Taq I Southern blots showing patients carrying monomodular alleles. Hybridizations with CYP21 (pC21/3c) and C4 (C4B550) probes are shown. a) Homozygous genotypes for monomodular alleles; b) compound heterozygous genotypes with mono- and bimodular alleles carrying large gene conversion; c) compound heterozygous genotypes with mono- and bimodular alleles carrying pseudogene-derived mutations; d) compound heterozygous genotype with mono- and trimodular alleles carrying pseudogene-derived mutations; e) compound heterozygous genotype with mono- and tetramodular alleles (lane 3); maternal genotype showing compound heterozygosis with mono- and bimodular alleles (lane 2); and paternal genotype with tetramodular and bimodular alleles (lane 1). Numbers below each lane depict patient numbers.

Figure 3

Integrated and normalized MLPA data. C4A, C4B, CYP21A1P, CYP21A2, TNXB, CREB1 are shown.
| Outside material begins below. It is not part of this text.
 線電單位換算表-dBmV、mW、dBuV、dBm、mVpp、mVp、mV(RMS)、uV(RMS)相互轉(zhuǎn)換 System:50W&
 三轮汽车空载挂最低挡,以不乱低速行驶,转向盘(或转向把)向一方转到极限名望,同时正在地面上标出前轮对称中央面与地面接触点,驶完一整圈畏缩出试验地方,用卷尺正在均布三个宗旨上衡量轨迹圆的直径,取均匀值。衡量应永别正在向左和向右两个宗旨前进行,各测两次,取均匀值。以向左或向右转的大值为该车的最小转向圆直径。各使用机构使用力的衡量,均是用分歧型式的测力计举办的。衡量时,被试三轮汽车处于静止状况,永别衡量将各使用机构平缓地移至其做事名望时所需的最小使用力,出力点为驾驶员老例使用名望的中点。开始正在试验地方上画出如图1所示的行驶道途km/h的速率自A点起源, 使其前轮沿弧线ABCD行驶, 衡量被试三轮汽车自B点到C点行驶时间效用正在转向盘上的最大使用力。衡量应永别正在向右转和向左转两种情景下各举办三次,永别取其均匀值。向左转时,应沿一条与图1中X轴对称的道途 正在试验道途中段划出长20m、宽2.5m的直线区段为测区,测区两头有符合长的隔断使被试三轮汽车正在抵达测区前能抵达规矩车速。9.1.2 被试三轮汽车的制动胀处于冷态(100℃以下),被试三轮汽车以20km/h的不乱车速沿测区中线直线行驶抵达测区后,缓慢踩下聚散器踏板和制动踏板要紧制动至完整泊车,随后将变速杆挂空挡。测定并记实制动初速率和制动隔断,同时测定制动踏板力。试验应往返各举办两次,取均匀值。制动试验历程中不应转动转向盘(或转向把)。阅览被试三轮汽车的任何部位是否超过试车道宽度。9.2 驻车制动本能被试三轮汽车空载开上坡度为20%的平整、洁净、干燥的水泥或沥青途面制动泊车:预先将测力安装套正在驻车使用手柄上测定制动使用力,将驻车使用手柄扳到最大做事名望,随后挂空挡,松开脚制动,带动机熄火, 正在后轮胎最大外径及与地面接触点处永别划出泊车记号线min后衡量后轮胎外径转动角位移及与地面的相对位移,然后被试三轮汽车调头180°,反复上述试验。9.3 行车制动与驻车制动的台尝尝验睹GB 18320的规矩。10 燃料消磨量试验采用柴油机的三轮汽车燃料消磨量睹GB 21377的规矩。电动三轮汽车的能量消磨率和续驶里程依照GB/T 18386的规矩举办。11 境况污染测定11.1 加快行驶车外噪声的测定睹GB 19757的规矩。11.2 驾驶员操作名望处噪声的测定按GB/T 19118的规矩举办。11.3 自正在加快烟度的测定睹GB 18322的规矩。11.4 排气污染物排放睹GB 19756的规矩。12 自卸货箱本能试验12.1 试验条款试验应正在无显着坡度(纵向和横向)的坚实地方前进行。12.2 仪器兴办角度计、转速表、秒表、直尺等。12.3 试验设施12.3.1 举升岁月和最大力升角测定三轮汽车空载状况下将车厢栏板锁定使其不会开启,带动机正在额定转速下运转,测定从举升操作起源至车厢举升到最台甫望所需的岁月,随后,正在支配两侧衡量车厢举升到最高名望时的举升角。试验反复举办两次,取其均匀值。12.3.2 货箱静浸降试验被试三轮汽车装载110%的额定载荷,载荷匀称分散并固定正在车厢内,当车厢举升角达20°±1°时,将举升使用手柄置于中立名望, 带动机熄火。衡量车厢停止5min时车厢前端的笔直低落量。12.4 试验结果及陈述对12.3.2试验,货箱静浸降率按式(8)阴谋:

Numbers 1-15 correspond to: (1) C4A exon 17, (2) C4B exon 19, (3-5) CYP21A1P 5' promoter region, intron 2, 3'UTR; (6-10) CYP21A2 5' promoter region, exon 3, exon 4, exon 6, exon 8; (11-13) TNXB exon 32, 15, 1; (14) CREB1 probe. (15) Y-chromosome probe. Horizontal black bars denote recombination breakpoints (RB); red bar, for patient 8. Columns correspond to integrated and normalized electropherogram peak areas, values between 0.8 and 1.2 indicate two copies, below and above correspond to one or more than two copies, respectively. Patients' numbers are on the right. Green arrows indicate heterozygosis for p.I172N and p.Q318X (patient 18). Black arrows indicate 2:1 ratio for two copies of 3'UTR pseudogene (5) and one copy of exon 8 (10). (a-g) Upper panels - MLPA results; lower panels - schematic genotypes. a) Monomodular homozygosis; red circles denote different C4 5'-end; b) Mono- and bimodular alleles carrying chimeric genes; red arrows indicate 1:2 ratio (C4A:C4B); c) heterozygosis for mono- and bimodular alleles; red arrows indicate three copies of C4B; d) heterozygosis for mono- and tri- or tetramodular alleles; red arrows indicate 2:2 ratio for 3'-end CYP21A1P (5) to exon 8 CYP21A2 (10); patient 10 - trimodular allele bearing normal p.Q318 in the two pseudogenes; e) heterozygosis for alleles mono- and bimodular with CYP21A1P/A2 and C4A/C4B, respectively; f-g) heterozygosis for mono- and bimodular alleles; RB between exons 3-4 and 1-3, respectively; red arrow - null C4B hybridization signal (patient 20).